Unless you have more information about D this problem is unsolvable. One bit of information that will make this problem decidable is some upper bound on the length of the shortest d that generates D. If you know the function generating D only has a known amount of finite state you can calculate this upper bound.

Hence, my conclusion is that you cannot solve this problem unless you change the specification a bit.

Nice proof and of course you're right. But unfortunately I cannot change the specification, so I'll choose the answer that can give the best approximation and/or the highest probability to be correct. — rubik, Jun 26 '12 at 16:06

score 2 · Answer 3 · answered Jun 26 '12 at 15:37

I have no idea about proper algorithms to apply here, but my understanding also is that you can never know for sure that you've detected a period if you have consumed only a finite number of terms. Anyway, here's what I've come up with, this is a very naive implementation, more to educate from the comments than to provide a good solution (I guess).

def guess_period(source, minlen=1, maxlen=100, trials=100):
    for n in range(minlen, maxlen+1):
        p = [j for i, j in zip(range(n), source)]
        if all([j for i, j in zip(range(n), source)] == p
               for k in range(trials)):
            return tuple(p)
    return None

This one, however, "forgets" the initial order and returns a tuple that is a cyclic permutation of the actual period:

In [101]: guess_period(gen)
Out[101]: (0, 1, 4, 8, 2, 1, 3, 3, 1, 1)

To compensate for this, you'll need to keep track of the offset.
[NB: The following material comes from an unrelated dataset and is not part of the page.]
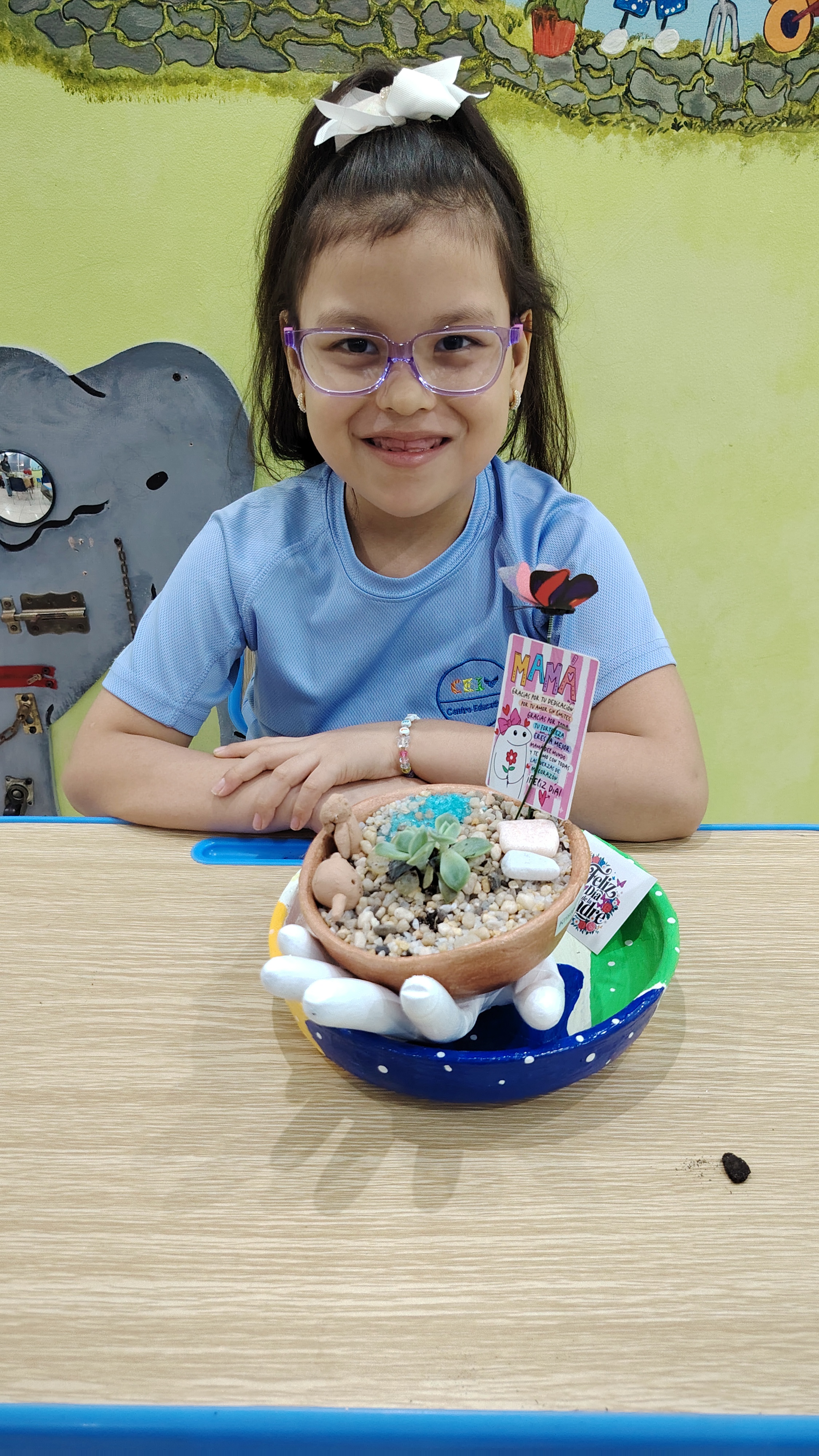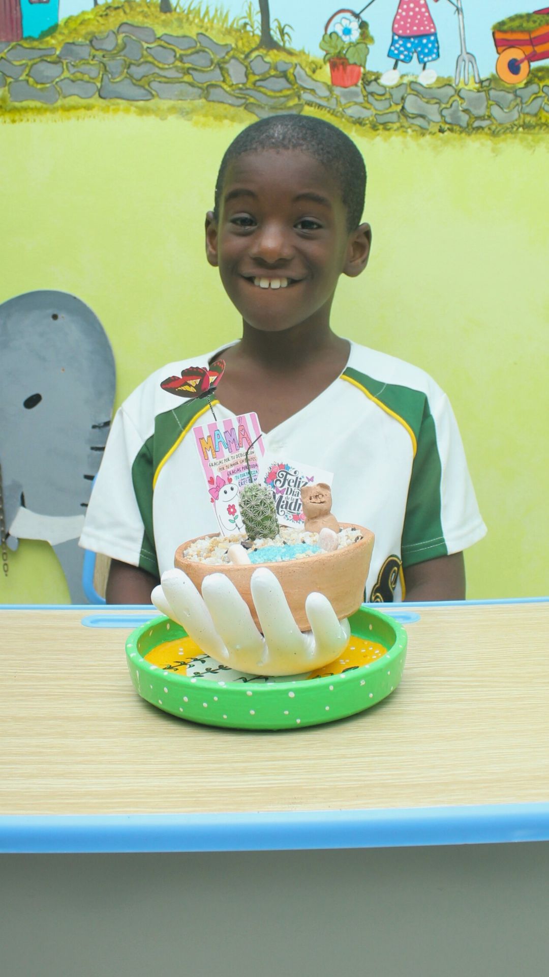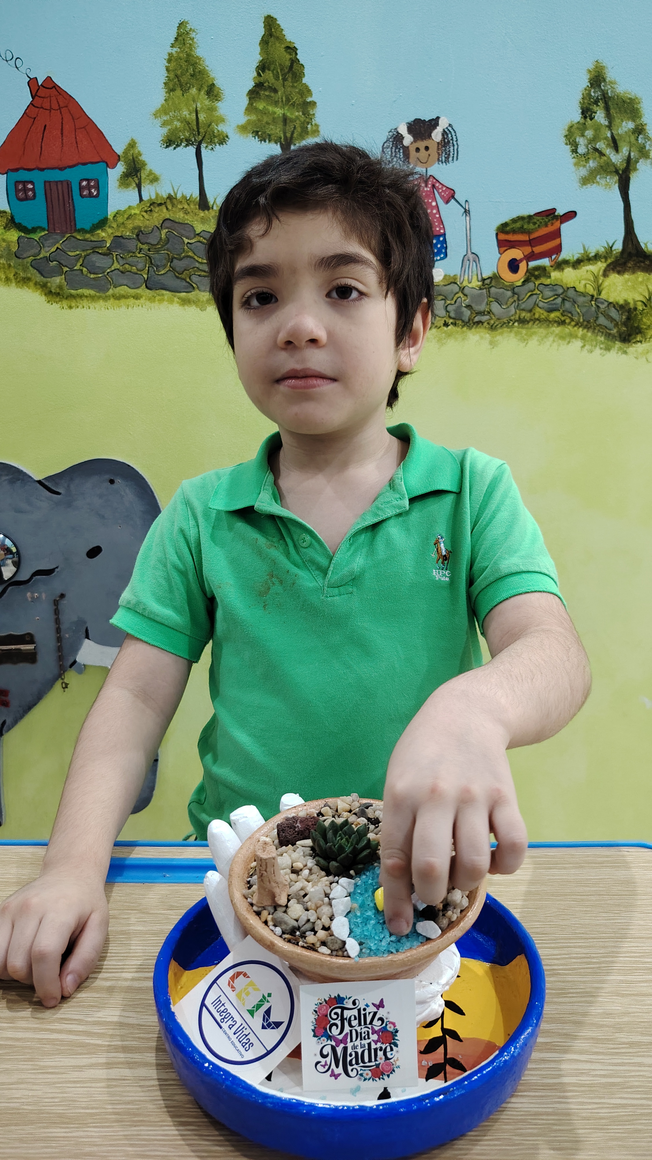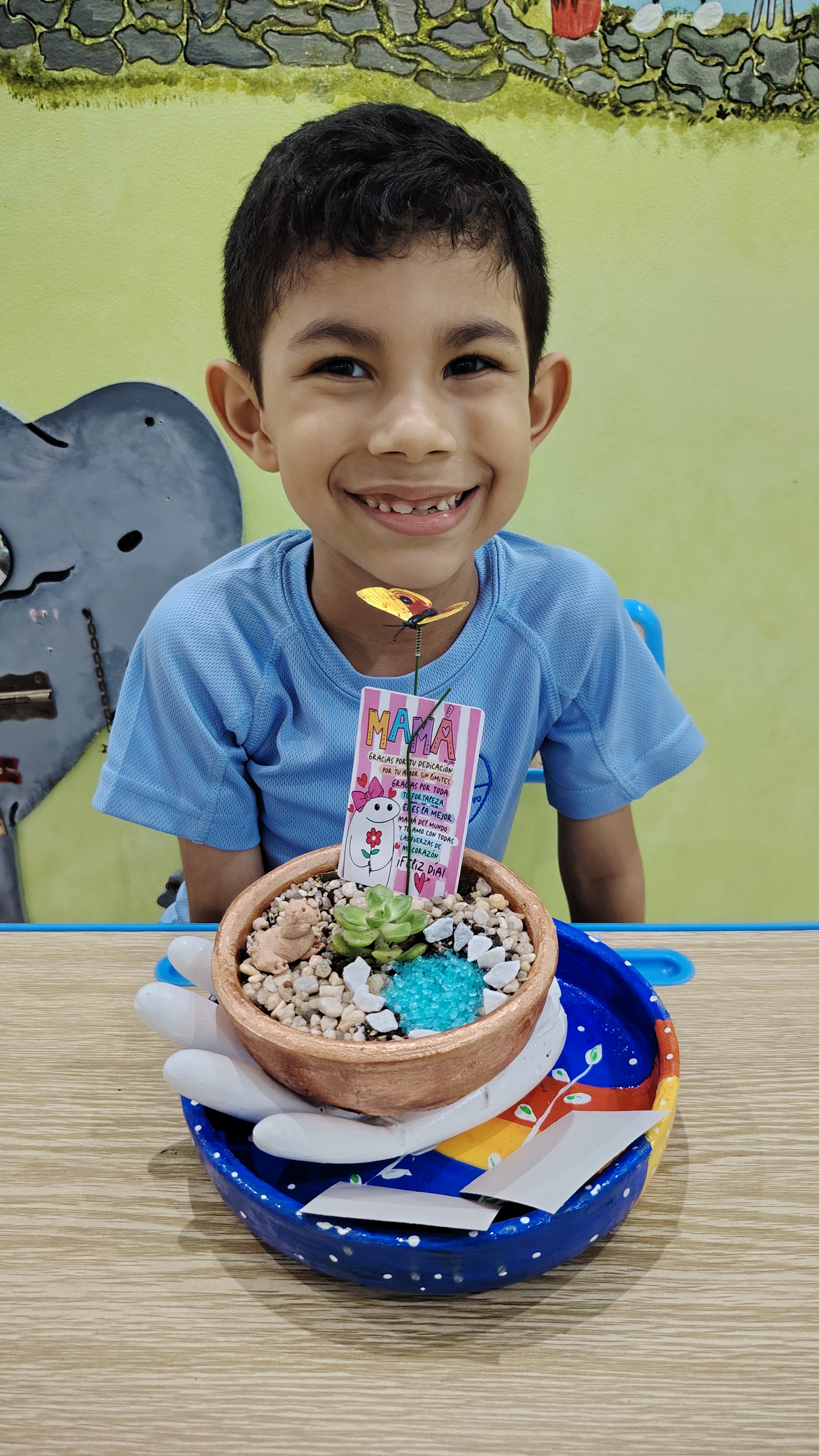 El resultado fue un regalo único: un terrario hecho completamente por los niños, desde la creación de la vasija en arcilla hasta la siembra final. Un obsequio vivo que simboliza cuidado, paciencia y amor.

Evgeny Kluev · Answer 4 · 2012-06-26T12:59:25.740

Since your sequence is not of the form X_n+1 = f(X_n), Floyd's or Brent's algorithms are not directly applicable to your case. But they may be extended to do the task:

Use Floyd's or Brent's algorithm to find some repeating element of the sequence.
Find next sequence element with the same value. Distance between these elements is a supposed period (k).
Remember next k elements of the sequence
Find the next occurrence of this k-element subsequence.
If distance between subsequences is greater than k, update k and continue with the step 3.
Repeat step 4 several times to verify the result. If maximum length of the repeating sub-sequence is known a-priori, use appropriate number of repetitions. Otherwise use as much repetitions as possible, because each repetition increases the result's correctness.

If the sequence cycling starts from the first element, ignore step 1 and start from step 2 (find next sequence element equal to the first element).

If the sequence cycling does not start from the first element, it is possible that Floyd's or Brent's algorithm finds some repeating element of the sequence that does not belong to the cycle. So it is reasonable to limit the number of iterations in steps 2 and 4, and if this limit is exceeded, continue with the step 1.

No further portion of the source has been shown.